The nice woman at Planned Parenthood assured me in her soothing, practiced
voice that this would hardly hurt a bit. There are five other guys sitting here with
me. I wonder if they've got the clap, or maybe their prostates are acting up.
Maybe some of them are like me, sitting here waiting to end their careers as
potential dads. I feel a certain solidarity with these unknown men, all of us
sitting here together in this brown wooden leather room on this gray morning
waiting to walk into the examining room and take off our pants. There's a very
old man who sits leaning forward with his hands clasped around his cane, his
eyes closed behind thick glasses that magnify his eyelids. He's probably not here
to get snipped. The teenage boy who sits leafing through an ancient copy of
Esquire is feigning indifference. I close my eyes and imagine that I am in a bar and
the bartender has her back to me now as she mixes a good single-malt Scotch
with just a small amount of tepid water. Perhaps it's an English pub. Yes, that
would account for the decor. The man on my left coughs, a deep lung-shaking
sort of cough, and when I open my eyes I'm still sitting in a doctor's waiting
room. I sneak a look at the watch of the guy on my right. He's got one of those
immense sports watches that you can use to time sprints or call the mothership.

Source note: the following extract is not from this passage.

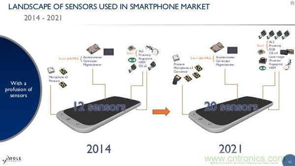 根據有關機構的預計,2014年智能手機內的平均傳感器數量為12顆,而到2021年這一數量將增加到20顆;除了一些必要的同類傳感器數量會增多之外,也有不少針對專業領域的機型會考慮搭載一些普通消費者無法想象的傳感器。

It's 9:58. My appointment is in two minutes. The doctor seems to be running late,
though. The receptionist calls, "Mr. Liston," and the teenager stands up abruptly
and walks through the heavy paneled door into the office. The rest of us look at
each other, furtively, as though we are on the subway and someone is trying to
sell us Streetwise.
I am rigid with tension and I remind myself that this is a necessary and good
thing that I am about to do. I am not a traitor. I am not a traitor. I am saving Clare
from horror and pain. She will never know. It will not hurt. Maybe it will hurt a
little. Someday I will tell her and she will realize I had to do it. We tried. I have
no choice. I am not a traitor. Even if I hurts it will be worth it. I am doing it
because I love her. I think of Clare sitting on our bed, covered in blood, weeping,
and I feel sick.
"Mr. DeTamble." I rise, and now I really feel sick. My knees buckle. My head
swims, and I'm bent over, retching, I'm on my hands and knees, the ground is
cold and covered with the stubble of dead grass. There's nothing in my stomach,
I'm spitting up mucous. It's cold. I look up. I'm in the clearing, in the Meadow.
The trees are bare, the sky is flat clouds with early darkness approaching. I'm
alone.
I get up and find the clothes box. Soon I am wearing a Gang of Four T-shirt
and a sweater and jeans, heavy socks and black military boots, a black wool
overcoat and large baby blue mittens. Something has chewed its way into the box
and made a nest. The clothes indicate the mid-eighties. Clare is about fifteen or
sixteen. I wonder whether to hang around and wait for her or just go. I don't
know if I can face Clare's youthful exuberance right now. I turn and walk toward
the orchard.
It looks like late November. The Meadow is brown, and makes a rattling noise
in the wind. Crows are fighting over windfall apples at the edge of the orchard.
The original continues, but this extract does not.